There's a post on the 37 Signals blog by Jason Fried saying that the Mint sale to Intuit was a bad move for a host of reasons and suggesting that the VCs behind Mint had forced it. It reminds me of similar discussions about the sale of Zappos to Amazon a while back.
I left a comment on that post to the effect that while I have no inside information, I highly doubt that the VCs forced the sale.
But this is a good opportunity to talk about who does decide when to exit. Here are some rules that I've learned over the years:
1) When the founders and management want to sell, the VCs ought to go along (within reason) because blocking a sale and having angry and unhappy founders and management running the business is a bad outcome.

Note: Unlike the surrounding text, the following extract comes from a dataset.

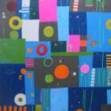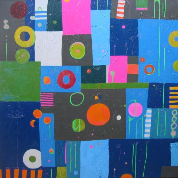 Acrylic and mixed media on canvas. 36" X 36" X 1.5" (sides painted, no need for frame - wire hanger included)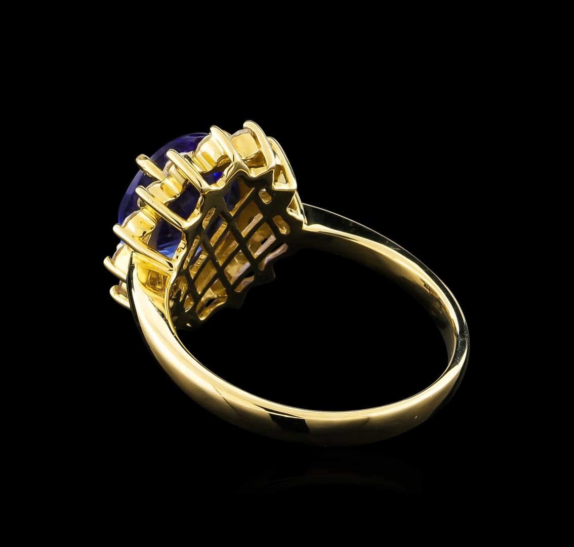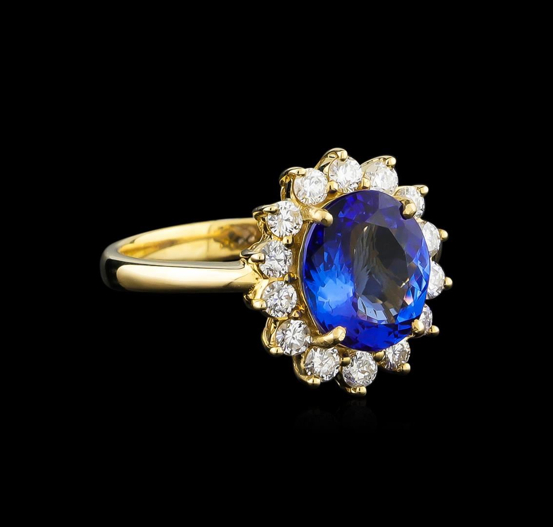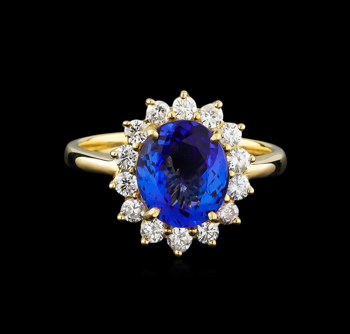 One electronically tested 14KT yellow gold ladies combination cast & assembled tanzanite and diamond ring with a flat shank with a bright polish finish. Identified with markings of "14K". Condition is new. Containing: One prong set oval modified brilliant cut natural tanzanite, measuring 9.72 x 8.35 x 4.10mm, approximate weight of 2.24ct., clarity is eye clean, type I, medium, moderately strong, bluish violet color, (GIA bV 5/4), cut is good. Fourteen prong set round brilliant cut diamonds, measuring 2.00 - 2.00 x 1.20mm (depth est.) approximate total weight of 14 Stones = 0.41ct. Clarity: SI-2 to I-1. Color: I - J, Cut is Good. Colored gemstones are presumed to have been subjected to commonly used enhancement processes. All diamonds and colored gemstones are graded in the mounting, unless otherwise stated total weight of Colored Stones 2.24ct. Total Weight of Diamonds 0.41ct. Total Weight of Ring 4.20 grams. GGL Appraised at $6,155.00.

2) VCs often impact the price and terms of an exit but they rarely drive the exit itself when the founder is still actively running the business.
3) When a company is doing really well, the investors rarely want to sell. VCs make all of their money on a few investments per fund. When a company is in that group, they don't like to see an early exit.
4) When a founder owns a large stake in the business and is still running it, it is very likely that the founder drove the decision to sell and the sale process and was advised by the investors and board.
5) If the founders are no longer involved in the business and the management was hired by the VCs, and the VCs control the business, then it is likely that the investors drove the sale process and the decision to sell.
6) If the company is not doing well, then the decision to sell was likely forced by the VCs.
Of course, like all rules, there are exceptions from time to time. But when you see an exit, you can parse the data by this set of rules and you can pretty easily predict what happened, who made the decision, and who drove the process.